Demography Prediction Tutorial
See this analysis in action! It's one of our working examples in the cloud demo.
Try LynxKite
Handling missing data in a social network database
Intro to this tutorial
- In this tutorial, we are going to learn about interesting ways of imputing missing data.
- We are going to use a database from Pokec, the most popular social network in Slovakia even
after the coming of Facebook.
- Around 1/3 of the users do not have their age defined, we want to come up with a method to
impute this missing data.
- We assume that the missing data is not completely random, it depends in the real values of
the data and other attributes (e.g. women with higher age choose not to include their age in
their profiles).
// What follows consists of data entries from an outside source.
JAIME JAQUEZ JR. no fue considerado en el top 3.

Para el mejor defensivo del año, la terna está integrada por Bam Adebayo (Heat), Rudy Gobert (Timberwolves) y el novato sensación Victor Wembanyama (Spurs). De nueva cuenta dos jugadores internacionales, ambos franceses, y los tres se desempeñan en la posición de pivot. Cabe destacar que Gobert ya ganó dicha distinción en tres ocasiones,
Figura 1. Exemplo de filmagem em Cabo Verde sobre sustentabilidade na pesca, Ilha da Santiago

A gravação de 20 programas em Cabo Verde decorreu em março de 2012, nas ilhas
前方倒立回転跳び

If we just remove the data with missing values we will produce a bias in any
posterior analysis performed. If you want to know more about missing data, please refer to this
website.
Intro to the dataset
- The dataset is available thanks to the Standford Network Analysis Project. It can be downloaded
from this link. There are two files, the
user relationship data which shows connections between users and the user profile data wich
includes the attributes for each user. The connections are directed, unlike facebook, which
means that a user A can follow user B but user B doesn’t follow user A back.
- For demonstration purposes, we will work only with a small sample of the data. We will take
only the largest connected component
group of users from Prievidza, a small city in the center of Slovakia.
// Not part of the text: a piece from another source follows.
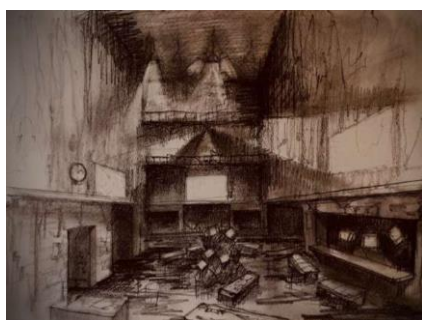
プレシヨールーム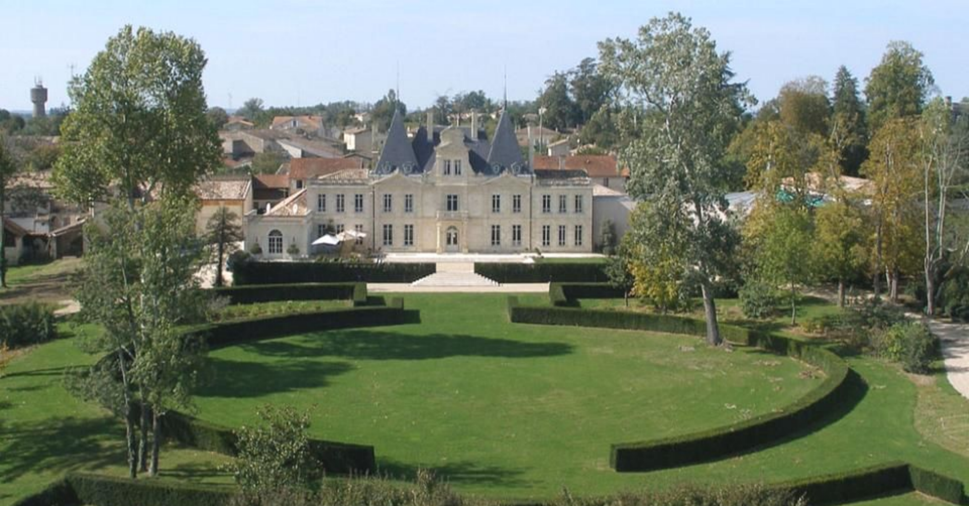
Jurisdiction de Saint-Émilion - Château de Lussac

Importing and sampling the data
- First, let’s import the relationship data with a Import CSV operation. Choose the
downloaded soc-pokec-relationships.txt file, change the delimiter to “\t”, set the ‘Columns
in file’ parameter to Source,Destination (they come without a column name) and click on Run.
- The profiles dataset is previously filtered to make it easier to handle. To do it yourself
drop all the columns except the 1st, 4rd, 5th, 6th, 7th and 8th and name them User_ID, Gender,
Region, Last_Login, Registration and Age respectively. Filter out the observations whose Region
attribute doesn’t contain ‘prievidza’. Transform the Last_Login and Registration attributes
to days since last login and days since registration. Import the resulting dataset.
Build the graph
- Build the graph with the Use table as graph operation, connect it to the imported
relationship data and link Source to Destination attributes. Check that you have 1.6M vertices
with 30.6M edges.
- With the Use table as vertex attributes operation, join the graph with the profiles
table imported. Use stringId for the vertex attribute and User_ID for the ID column.
Filter the vertices
- Fill the missing User_ID values with 0 with a Fill vertex attributes with constant default
values box.
- Filter out the vertices with User_ID = 0 using a Filter by attributes operation and
setting the User_ID attribute as “!0”.
- Convert Age, Gender, Last_Login_Days, Registration_Days and User_ID attributes to Double.
- Our dataset comes with a default value of 0 for the users without age. In case any user does
not have this default value, use a Fill vertex attributes with constant default values
operation to fill it with 0s.
- Filter outliers, users with age below 10 or above 90 are more likely to be fake and we don’t
want to use them for our prediction. We will go back to this point for the real prediction
after we choose our method.
- Filter out disconnected vertices.
- Add a Find connected components operation to segment the vertices into components.
- With an Aggregate from segmentation box, aggregate the maximum size from the components
to the vertices to differentiate which component each vertex belongs to.
- Filter out the vertices disconnected from the main component with a Filter by attributes
box connected_components_size_max attribute greater than 10000.
Check that you end up with 17777 vertices and 212368 edges.
Divide into train and test set
- To select a prediction model, we will use only the users that have a defined age attribute
to be able to compare the age prediction with the real age value.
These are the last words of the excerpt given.